Para revertir esta "apatía política", Kicillof anunció el lanzamiento de una aplicación móvil que permitirá agilizar las afiliaciones. La medida busca romper con la burocracia de las "fichas de papel" que, según dijo Bianco, han sido un obstáculo para la renovación: “Hubo casos de gente que presentó la ficha de afiliación 6 veces y no está afiliada; es una falta de respeto entre peronistas hacer eso”. El plan se complementará con un ciclo de formación política liderado por el intendente de La Plata, Julio Alak, que se transmitirá vía streaming para captar cuadros técnicos y militantes en los 135 municipios.
La nota discordante de la jornada fue la ausencia de Máximo Kirchner, presidente saliente del partido. Mientras Kicillof saludaba a los consejeros en el sexto piso de la sede platense, el líder de La Cámpora se mostraba en la localidad de María Teresa, al sur de Santa Fe, en una recorrida de armado nacional paralela.

Desde el entorno de Kicillof intentaron restarle dramatismo al desplante. “No sé si viene o no viene.
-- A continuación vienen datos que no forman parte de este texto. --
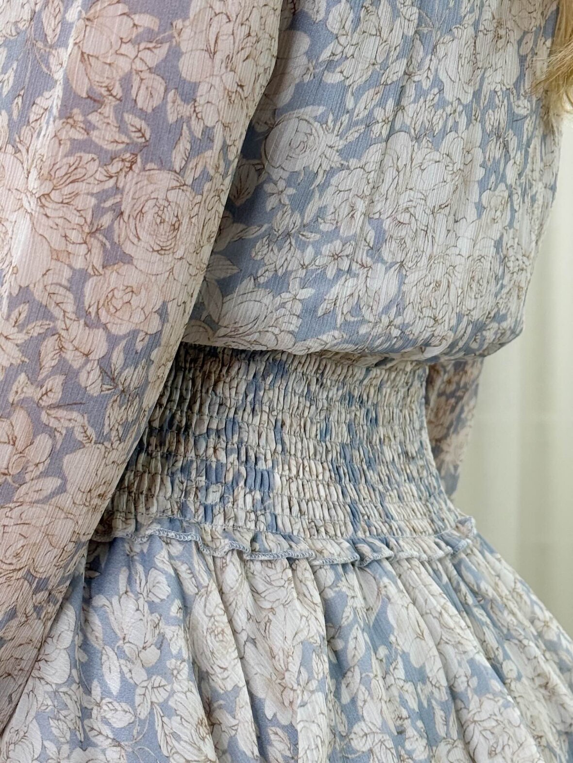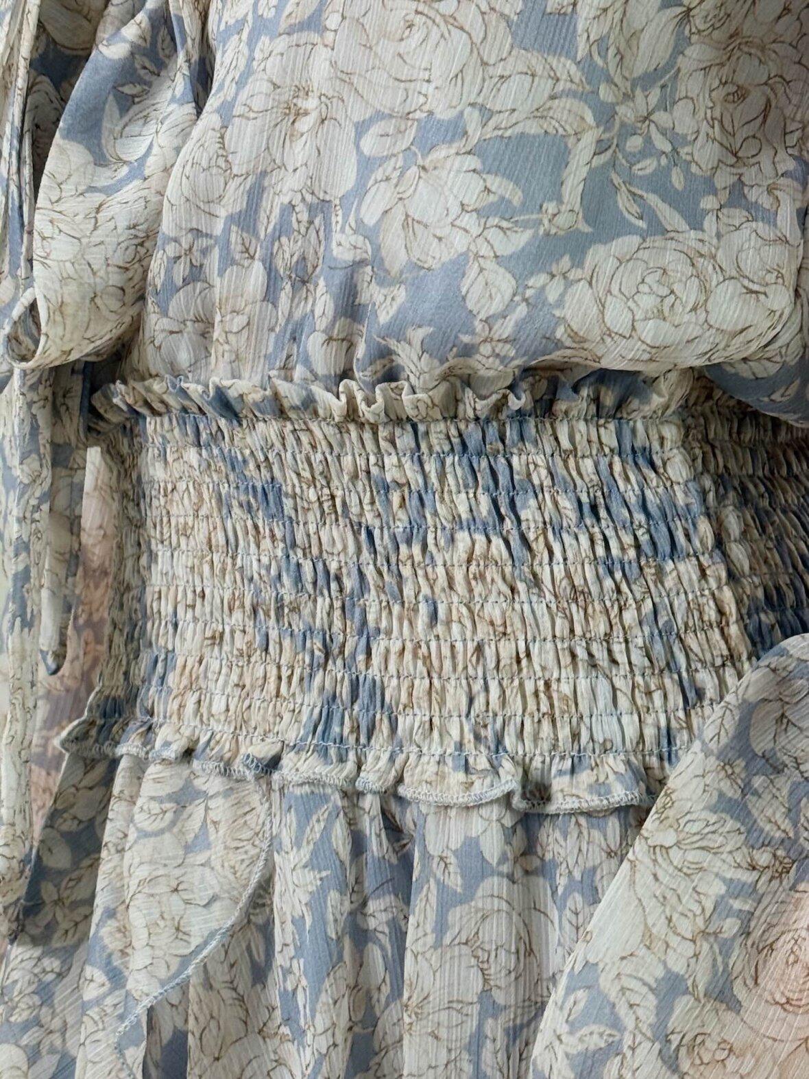 Denne lyseblå blomstrede kjole fra Buch Copenhagen er en feminin og elegant kjole med let og luftigt udtryk. Det fine blomsterprint og de smukke flæselag skaber en flatterende silhuet, mens smock-detaljen i taljen fremhæver figuren. Kjolen har lange ærmer og bindebånd ved udskæringen, der tilfører et romantisk touch. Perfekt til både hverdag og fest, hvor den kan styles med sandaler eller støvler for et stilfuldt outfit.

Si no viene es una decisión política, pero no le veo gravedad. Tampoco sé si estaba invitado, porque es una reunión del Consejo”, afirmó Bianco. Sin embargo, la ausencia de una foto de traspaso de mando expone la fractura con el sector que responde a Cristina Kirchner. En Santa Fe, Máximo envió un mensaje sugestivo: “Tenemos que acostumbrarnos otra vez a pensar de manera más positiva y a construir no en contra de alguien, sino a favor de los intereses de la mayoría”.
Kicillof asume el PJ no solo para ordenar la interna, sino para fortalecer su posición frente a la Casa Rosada. El partido difundió un comunicado donde respalda el reclamo judicial de la Provincia ante la Corte Suprema por una deuda nacional que asciende a 2,3 billones de pesos en concepto de fondos previsionales y coparticipación.

Además, el gobernador endureció su discurso tras una filtración del Pentágono que sugería que Estados Unidos podría retirar su apoyo al Reino Unido por la soberanía de las Islas Malvinas. Kicillof acusó a Milei de "entreguismo" y de aplicar un pensamiento unipolar "con resultados catastróficos". El comunicado del PJ también incluyó un pedido de libertad para Cristina Kirchner y el exministro Julio De Vido, calificando sus situaciones judiciales como procesos de proscripción.
La llegada de Kicillof a la presidencia del PJ es el resultado de un frágil equilibrio alcanzado en febrero para evitar una elección interna que estaba prevista para marzo. En aquel acuerdo se estableció un reparto de poder: Kicillof como presidente, Máximo Kirchner como titular del Congreso partidario, y vicepresidencias para Verónica Magario y Federico Otermín.

El gobernador ya había empezado a mover sus fichas con el lanzamiento del Movimiento Derecho al Futuro (MDF) en Avellaneda, buscando construir una alternativa nacional a Milei de cara a 2027. Con el PJ bonaerense bajo su mando, Kicillof ahora cuenta con la herramienta institucional más poderosa de la provincia para intentar "rejuvenecer" al peronismo y atraer a un electorado Sub-40 que, según consultoras, hoy habita territorios digitales que el partido tradicional desconoce.